Thursday, January 01, 2009

the PMO in 2009

So a question for all of you.

Where do you think the PMO (your PMO in specific) will go in 2009? Will the global economic situation cause a rise in the use of PMOs to gain efficiencies, or will PMOs be seen as administrative overhead and mercilessly cut? Let us know how you are fareing and your thoughts on how best to take advantage of the challenges we face in 2009.

Thanks!

6 comments:

Cornelius Fichtner, PMP said...

Derry,

What an interesting coincidence! I attended the PMO Summit 2008 in Florida last month and one of the PMO trends that I brought home from there was the EMO - the Everything Management Office.

I am generally saying that the PMO will assume additional responsibilities throughout the organization and in the end it will manage "everything" in the company that deals with repeatable processes.

You can find the complete post on my blog here: The EMO - The Latest Trend For PMOs

The biggest issue that I can see with that trend is the fact this EMO shift may lead to an overly bureaucratic approach and we may not take advantage of the skills that our employees bring to the table because they simply follow "a script". Thus, the EMO has to walk the fine line of ensuring that it is guiding and not prescribing the work.

Until Next Time,
Cornelius Fichtner, PMP
The Project Management Podcast

José Roig said...

I think the future of the PMO depends on the industry, as opposed to the economy.

A brief example:
One of my clients is in the financial services industry, and their business has suffered miserably over the past 8 months. They just disbanded their entire PMO, laying off a director plus a handful of PM's.
On the other hand, a client of mine in the managed healthcare arena is actually staffing in the PMO while giving greater visibility and influence in the firm.

Obviously, this is a limited sample size. However, I believe that many firms view the PMO as a discretionary service. Valuable, for sure. But ultimately discretionary. As such, companies that can afford a PMO will see the benefits and make the investment. However, it will be one of the areas targeted when times get lean.

Respectfully submitted,
Jose Roig
President
Roig Consulting
Please visit the Technology Consulting Blog

Robert H. Teesdale, PMP said...

I am going to have to disagree to some extent with the approach of viewing the PMO as a resource to be affected in lean times.

The PMO is not a resource or allocation of resources; it is both a way of doing business and importantly, also a business in itslf. Whether times are good or bad the true driver of the PMO's survival as an organizational entity is whether the PMO as a business is successful.

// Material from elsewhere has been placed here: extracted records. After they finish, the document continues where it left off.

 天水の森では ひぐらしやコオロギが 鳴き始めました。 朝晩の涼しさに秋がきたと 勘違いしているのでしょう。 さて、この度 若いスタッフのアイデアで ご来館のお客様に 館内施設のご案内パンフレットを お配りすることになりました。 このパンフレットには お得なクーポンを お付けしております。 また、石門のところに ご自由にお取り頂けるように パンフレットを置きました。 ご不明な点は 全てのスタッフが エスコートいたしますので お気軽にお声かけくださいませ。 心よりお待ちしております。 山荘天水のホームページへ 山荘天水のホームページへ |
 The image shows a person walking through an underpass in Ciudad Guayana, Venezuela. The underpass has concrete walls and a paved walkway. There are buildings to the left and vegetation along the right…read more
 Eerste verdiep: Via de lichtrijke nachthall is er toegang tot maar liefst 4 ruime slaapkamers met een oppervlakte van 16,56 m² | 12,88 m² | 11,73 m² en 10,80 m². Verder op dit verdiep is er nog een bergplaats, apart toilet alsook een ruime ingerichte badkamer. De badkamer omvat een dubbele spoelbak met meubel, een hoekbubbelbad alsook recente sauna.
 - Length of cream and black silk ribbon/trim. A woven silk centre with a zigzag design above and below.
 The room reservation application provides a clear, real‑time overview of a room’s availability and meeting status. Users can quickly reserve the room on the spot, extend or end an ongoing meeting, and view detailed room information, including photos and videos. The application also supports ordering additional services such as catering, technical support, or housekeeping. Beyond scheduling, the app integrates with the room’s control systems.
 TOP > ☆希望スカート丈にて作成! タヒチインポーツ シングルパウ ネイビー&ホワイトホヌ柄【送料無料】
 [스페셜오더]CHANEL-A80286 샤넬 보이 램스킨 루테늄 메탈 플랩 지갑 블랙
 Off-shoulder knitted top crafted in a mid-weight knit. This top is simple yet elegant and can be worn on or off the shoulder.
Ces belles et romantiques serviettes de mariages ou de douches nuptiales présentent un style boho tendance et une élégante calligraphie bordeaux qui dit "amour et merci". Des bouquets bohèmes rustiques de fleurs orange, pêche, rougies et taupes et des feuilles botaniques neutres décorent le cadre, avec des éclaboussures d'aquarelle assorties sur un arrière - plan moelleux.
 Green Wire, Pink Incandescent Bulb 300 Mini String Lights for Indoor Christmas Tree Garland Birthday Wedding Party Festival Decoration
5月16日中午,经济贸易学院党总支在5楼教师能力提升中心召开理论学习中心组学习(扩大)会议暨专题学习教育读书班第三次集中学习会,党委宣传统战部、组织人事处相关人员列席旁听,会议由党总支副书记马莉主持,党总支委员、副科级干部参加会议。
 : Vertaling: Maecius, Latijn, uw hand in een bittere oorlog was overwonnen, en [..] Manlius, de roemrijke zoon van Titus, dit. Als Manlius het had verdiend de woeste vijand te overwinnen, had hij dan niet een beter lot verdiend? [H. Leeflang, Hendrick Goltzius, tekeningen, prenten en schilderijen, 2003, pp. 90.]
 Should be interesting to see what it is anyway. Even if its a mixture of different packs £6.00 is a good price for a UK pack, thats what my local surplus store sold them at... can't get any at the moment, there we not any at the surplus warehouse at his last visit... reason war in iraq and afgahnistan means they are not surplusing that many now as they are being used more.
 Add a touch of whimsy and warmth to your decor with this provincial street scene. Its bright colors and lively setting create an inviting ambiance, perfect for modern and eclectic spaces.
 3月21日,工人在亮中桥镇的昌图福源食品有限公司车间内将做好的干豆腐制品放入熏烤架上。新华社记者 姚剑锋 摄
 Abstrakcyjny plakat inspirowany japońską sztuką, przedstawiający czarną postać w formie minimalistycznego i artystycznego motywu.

My recommendation to those who have a PMO is to look at it as a practice within the firm that you need to develop a clientele for. Executives who receive reports and metrics from the PMO are not stakeholders... they're clients.

The PMO leader needs to be an intrapreneur.

It's a fundamentally different way of thinking and the rewards are also fundamentally different.

Centennial College said...

2009 has been dealt with but now if we talk about 2010 then I think depending upon industrial sector it has maintained its state of level and consistently it will.